« ホンマに考えてはりますか? | トップページ | 仕事とプライベートの境界線 »

2006年6月 8日 (木)

ワールドカップに思うこと

 ワールドカップが迫ってきた。ほとんどテレビを見ない我が家では、ダーリンがソワソワしている。もちろん私もソワソワ・・・きっとダーリンよりも年季が入っているはずだ。

 まだ、日本にJリーグさえなかったころ、トヨタカップに出場するACミランの選手たちと、偶然にもイタリアから帰国する飛行機が同じだった私。子供に間違われた?!かいあって、マルディーニやアルベルティーニといっしょにビジネスクラスでお菓子をほおばり、サインをもらい、写真を撮り、夢のようなひと時を過ごすことができた。当時の日本人乗客は私と私の友人以外、誰一人としてサッカー選手に気づかなかったのである・・・(-_-;)

 そして翌年には、ミラノにサッカーを見に行った。すり鉢状のサッカー場の声援。鳥肌がたった。そして、宿のおじさんには

「女の子が見に行くものではない!でもイタリアのサッカーを愛してくれてうれしい!」と抱きつかれた。

 こんなにもサッカーが熱いのはなぜか?

オリンピックはあんなにも種目がある。ワールドカップは一種目。なのに、どの国の国民も「魂」がこもる。

なぜ、サッカーは熱くなるのか?
そう感じるたびに、飛行機の中で、マルディーニが言っていた言葉を思い出す。

「サッカーほど、世界中誰にでも平等なスポーツはないんだよ。友達がいればできる。それがサッカーだよ。野球も、テニスも、こうはいかない」

マルディーニはベッカムのようなサッカー界のエリートである。しかし、彼のような裕福な家庭の子も、靴が買えない貧しい国の子も、何か蹴るものと友達がいればサッカーはできる。

内戦の続くアフリカ、独立した旧社会主義国の小さな国々。私なんかよりよっぽど若いプレイヤーが

「子供たちに夢を与えたい」

と、ヨーロッパリーグで活躍する傍ら、祖国を背負う次世代の子供たちのことを語るたび、私は目頭があつくなる。
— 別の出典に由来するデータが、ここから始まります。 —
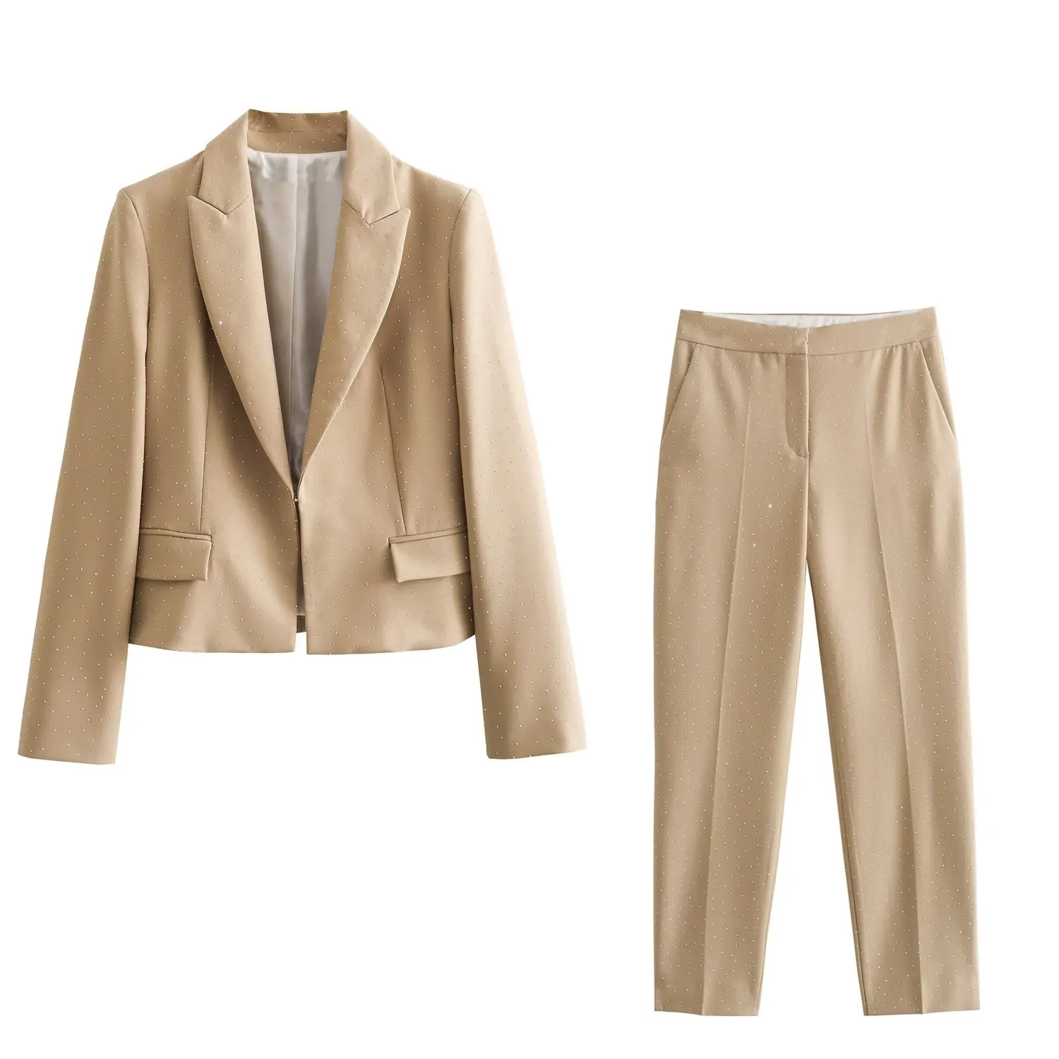 Женский короткий Блейзер и брюки до щиколотки, с длинным рукавом и карманами

どんなに荒れている祖国でも、愛している。生まれた国だから、誇りを持っている。

ウクライナのシェフチェンコ。ドイツの主将、旧東ドイツ出身のバラック。どんなに先進国からさげすまれようとも、我が祖国を愛し、「自分もやればできるんだ、そう子供たちに思って欲しい。そのために自分は頑張るのだ」という・・・決して恵まれた環境で育ったわけではないのに、彼らは、祖国が生んだ文化や、自分を育ててくれた両親を育んだその土地を愛している。

代表という対場は非常に重い。

国の代表、学校の代表、いろいろある。代表じゃなくても、私たち一人ひとりが日本人の代表であり、出身校の代表なのだ。

そう思えば、恥ずかしいことはできない。

もちろん、本当に代表に選ばれたら、自分の時間を費やして努力しなければならない。緊張もする。責任もある。うまくいかなければ叩かれる。いいことなんか、何もないような気がする。それでも、サッカー選手たちは、黙々と祖国への勝利のために努力する。
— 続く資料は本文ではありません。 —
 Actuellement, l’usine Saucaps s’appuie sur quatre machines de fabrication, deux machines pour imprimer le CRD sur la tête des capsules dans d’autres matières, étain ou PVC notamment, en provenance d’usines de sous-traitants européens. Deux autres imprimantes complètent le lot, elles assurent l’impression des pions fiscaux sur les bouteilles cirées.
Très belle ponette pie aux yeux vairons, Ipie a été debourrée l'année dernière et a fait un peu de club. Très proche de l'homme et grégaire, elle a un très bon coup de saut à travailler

なぜ、あんなにもひたむきになれるのだろう・・・おそらく、代表に選ばれたという「誇り」の力ではないだろうか。彼らは、誇りを胸に、困難を乗り越えたとき、自分がどれほど成長するかを知っている。そして、自分が周囲に「希望」を与える存在になれることも知っている。

つらいこと、たいへんなことを乗り越えたときに、人間は成長する。

ワールドカップの裏にある、若き勇士たちの姿に、自分の子供の姿を重ねずにはいられない。代表になるということは、名誉なことだ。そして名誉はお金では買えない。努力だけでも手に入らない。それほど貴重なものである。

国の代表じゃなくても、学校の代表だってすごいことだ。

大変だということは分かっているよ。でも、今年も英語のスピーチ、がんばってみてよ、オサム。それを断るってのは、日本代表サッカー選手に選ばれたけど辞退するのと根本的には同じことだと私は思うよ。断ってラクをするのと、引き受けて、頑張るのと、どちらが「オトコ」らしいか?

帰国子女でもなく、英語を習いにいっているわけでもないオサムが「是非学校の代表としてがんばれ!」って言われて出場すれば、きっと後輩たちだって「俺だってやればオサム先輩みたくなれるかもしれねぇ!」って希望を持てるじゃない。ってことはシェフチェンコと同じじゃない!!イイ男になるためにも、「代表」という経験は、積めるときにつんでおくべきだと私は思う。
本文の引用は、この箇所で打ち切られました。